__INSTRUCTIONS FOR THE TASK__
Transcribe all of the records word for word, but omit the pictures.

● ● ● ● ●

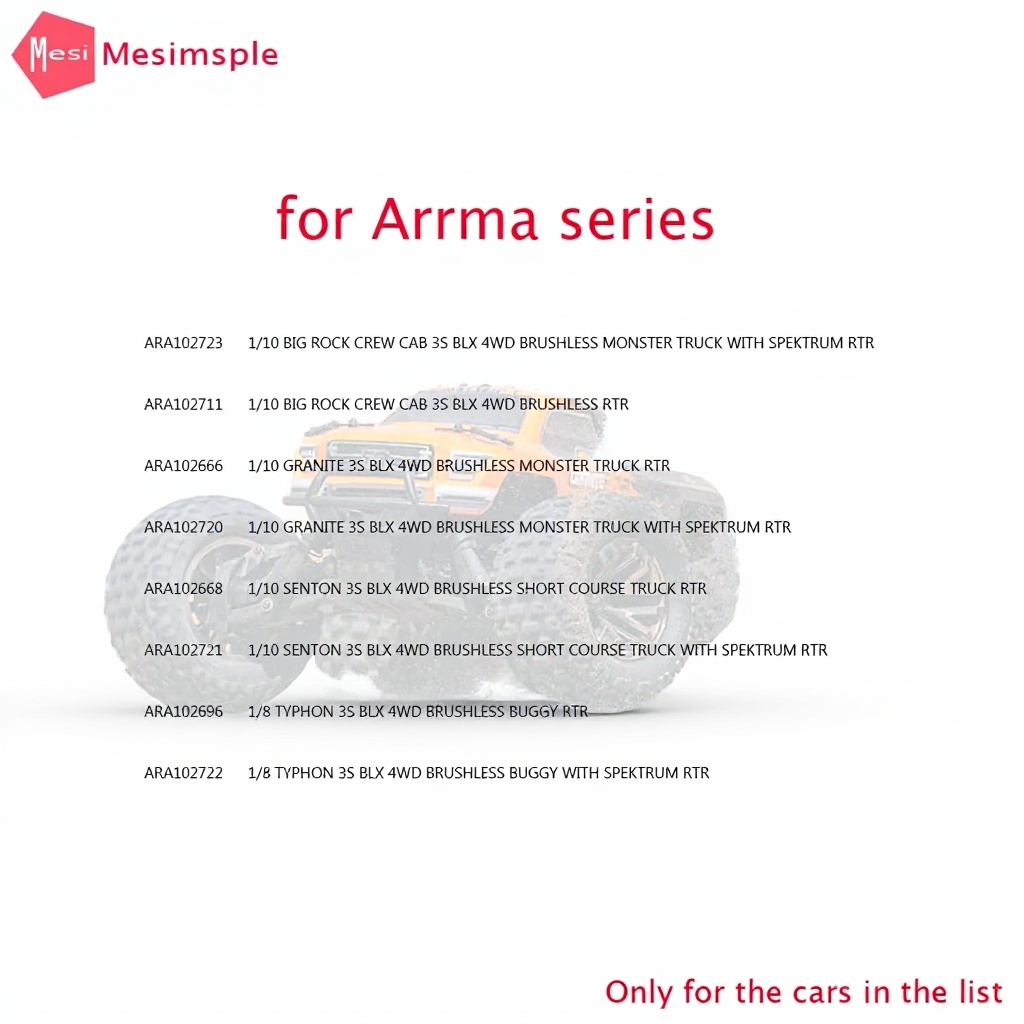 - Compatibilité précise avec les modèles Arrma 1/10 et 1/8
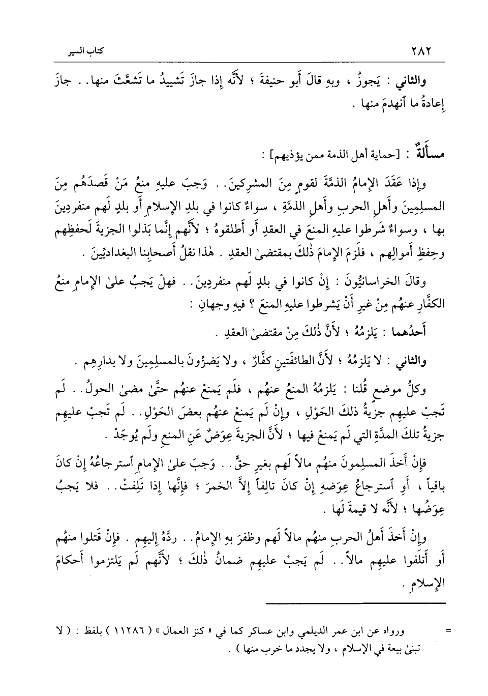 وقال الخراسانيون: إن كانوا في بلد لهم منفردين.. فهل يجب على الإمام منع الكفار عنهم من غير أن يشرطوا عليه المنع؟ فيه وجهان:
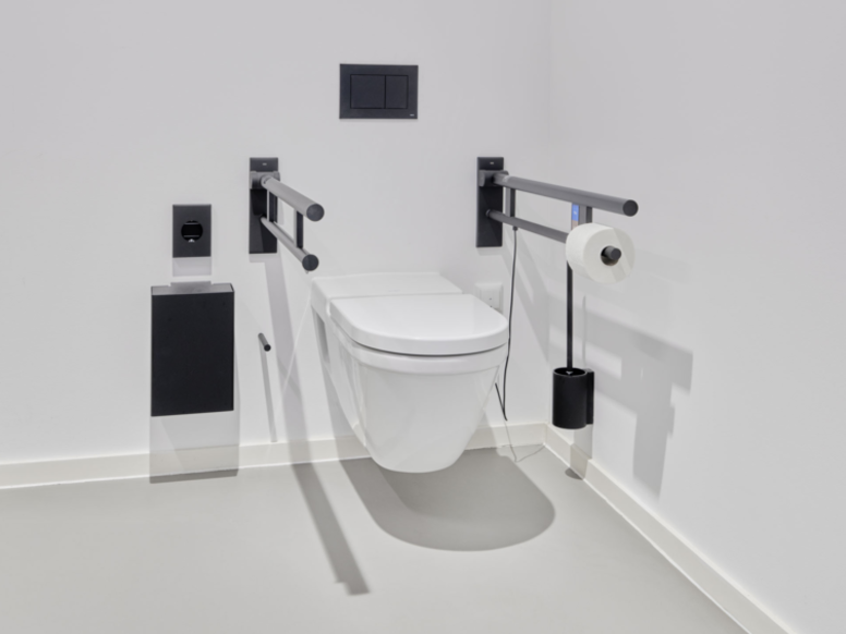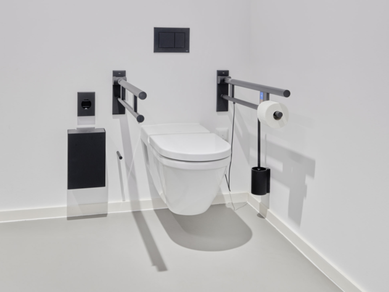 • System 900 (WC-Papierhalter, WC-Bürstengarnitur, Desinfektions- und Seifenspender, Seifenspender manuell, Sensoric Desinfektionsmittelspender, Papierhandtuchspender, Papierabfallbehälter, Abfallbehälter, Hygienebeutelspender, Stützklappgriffe)
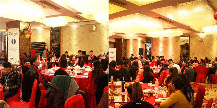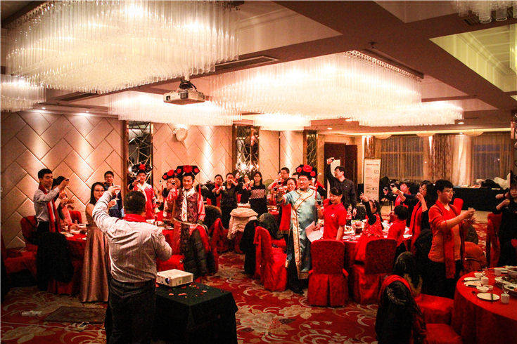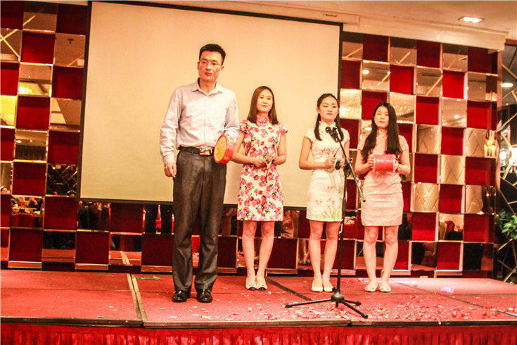 晚会喜庆祥和的氛围里,伴随着激情的音乐、总经理刘雨娇女士总结致词。刘总表示在新的一年里,我们一定再接再厉,再创辉煌和佳绩,并邀请全体同仁举杯,宣布晚宴正式开始。
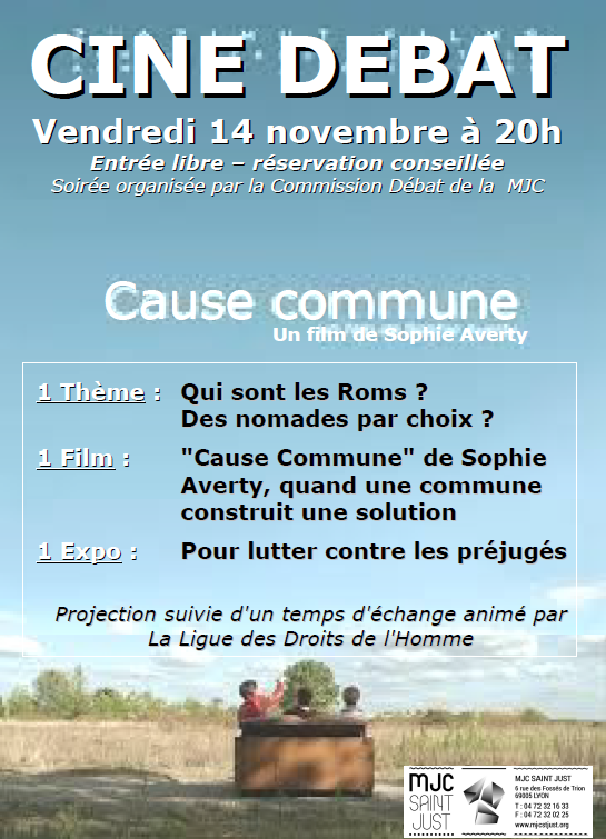 un débat organisé par la MJC Saint-Just à Lyon 5ème, aura lieu autour du film Cause commune, tourné à Indre, petite ville où le conseil municipal s’est posé la question du meilleur comportement à avoir après une arrivée importante de familles Rroms suite à l’évacuation d’un campement situé à Nantes…

● ● ● ● ●

__RESPONSE AREA__
 - Compatibilité précise avec les modèles Arrma 1/10 et 1/8
 وقال الخراسانيون: إن كانوا في بلد لهم منفردين.. فهل يجب على الإمام منع الكفار عنهم من غير أن يشرطوا عليه المنع؟ فيه وجهان:
 • System 900 (WC-Papierhalter, WC-Bürstengarnitur, Desinfektions- und Seifenspender, Seifenspender manuell, Sensoric Desinfektionsmittelspender, Papierhandtuchspender, Papierabfallbehälter, Abfallbehälter, Hygienebeutelspender, Stützklappgriffe)
 晚会喜庆祥和的氛围里,伴随着激情的音乐、总经理刘雨娇女士总结致词。刘总表示在新的一年里,我们一定再接再厉,再创辉煌和佳绩,并邀请全体同仁举杯,宣布晚宴正式开始。
 un débat organisé par la MJC Saint-Just à Lyon 5ème, aura lieu autour du film Cause commune, tourné à Indre, petite ville où le conseil municipal s’est posé la question du meilleur comportement à avoir après une arrivée importante de familles Rroms suite à l’évacuation d’un campement situé à Nantes…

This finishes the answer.